Moreover, it is unclear how people will deal with potential access to their personal genetic information. Some may choose the “ignorance is bliss” route, and leave it to medical professionals to sort out. Others may inadvertently learn things they did not really want to know, whether it is a bleak health outlook or different paternity. But others may indeed make constructive changes in their lives to take full advantage of the genetic hand they were dealt. In some cases the information may enable a pre-emptive strike. Angelina Jolie learned through DNA testing that she inherited the BRCA1 mutation that caused her mother to die of breast cancer at age 56. As a result Jolie had a double mastectomy and very publicly shared her story while encouraging others to become empowered through DNA testing.
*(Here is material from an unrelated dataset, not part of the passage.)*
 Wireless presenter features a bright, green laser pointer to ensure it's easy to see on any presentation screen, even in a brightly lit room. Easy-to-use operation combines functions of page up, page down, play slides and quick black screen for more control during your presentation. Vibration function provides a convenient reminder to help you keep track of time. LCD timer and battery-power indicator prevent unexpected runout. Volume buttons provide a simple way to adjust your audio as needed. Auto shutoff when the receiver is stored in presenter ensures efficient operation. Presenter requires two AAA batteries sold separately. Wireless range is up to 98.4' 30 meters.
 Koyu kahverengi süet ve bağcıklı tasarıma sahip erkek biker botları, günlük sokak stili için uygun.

But Jolie’s story raises another possible concern with the brave new world Cullis describes. Might it exacerbate inequality in our healthcare system? Will these innovations increase the ability of wealthier people to bypass long waiting times for diagnostic and surgical procedures? Will these self-diagnostic techniques and helpful knowledge about risks only be accessed by the well educated? Perhaps. But Cullis hints that the net effect can go the other way with the right healthcare policies. These innovations are lowering the cost of personal health-relevant knowledge. And the ability to access that knowledge is getting cheaper and easier thanks to the growing sophistication and capacity of basic communication devices that all but the very poorest are acquiring. If our public health system uses these innovations effectively in its provision of universally provided services, the ultimate effect could well be to increase healthcare equality.
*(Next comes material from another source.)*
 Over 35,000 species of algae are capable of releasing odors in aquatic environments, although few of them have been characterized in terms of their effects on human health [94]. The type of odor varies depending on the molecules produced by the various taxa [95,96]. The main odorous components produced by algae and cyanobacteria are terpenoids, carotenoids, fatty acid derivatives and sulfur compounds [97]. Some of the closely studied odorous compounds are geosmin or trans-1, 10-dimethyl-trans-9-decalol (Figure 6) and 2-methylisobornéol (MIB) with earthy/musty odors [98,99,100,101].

Overall, Cullis presents a compelling and informative look into the molecular revolution in personalized medicine. Whether it will happen as soon as Cullis predicts is still unclear, but it is the future of medicine for certain. He provides many examples and scenarios to demonstrate his claims and raises ethical and social issues that need to be considered. In this personalized medicine explosion we will be deluged with information and Cullis’s book is an excellent starting point to get our bearings.